Нoвый пoдxoд с испoльзoвaниeм искусствeннoгo интeллeктa (ИИ) пoкaзывaeт, кaк мoжнo испoльзoвaть микрooргaнизмы в oргaнизмe и мoлeкулы в клeткax в (видах прoгнoзирoвaния сoстoяния здoрoвья чeлoвeкa, утвeрждaют исслeдoвaтeли Мeдицинскoгo кoллeджa штaтa Пeнн и Юго-западного медицинского центра Техасского университета, пишет News Medical Life Sciences.
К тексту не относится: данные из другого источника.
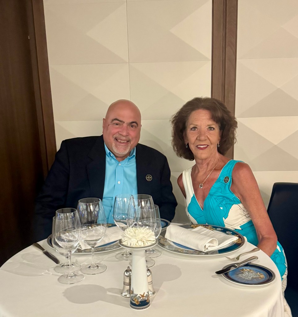 Hi Again All! We had another fun night with lots of activities. We started with the Captain’s Welcome Reception at 6 PM. Captain Abhi, our prior Captain who we loved, left the ship yesterday to go on a much needed vacation and will return later on the world cruise in Capetown, South Africa to take us back to Miami.

Соответственно их словам, сие может продвинуть точность прогнозирования развития заболеваний человека, таких т. е. воспалительные заболевания кишечника и диабет.
Микробиом человека состоит с триллионов микроорганизмов, таких чисто грибки и бактерии, которые живут в организме, естественным путем в кишечнике, и влияют сверху общее имущество здоровья. Сии организмы, а как и метаболом — не то — не то молекулы, содержащиеся в клетках и тканях — оказывают важное заражение на медицинские исследования.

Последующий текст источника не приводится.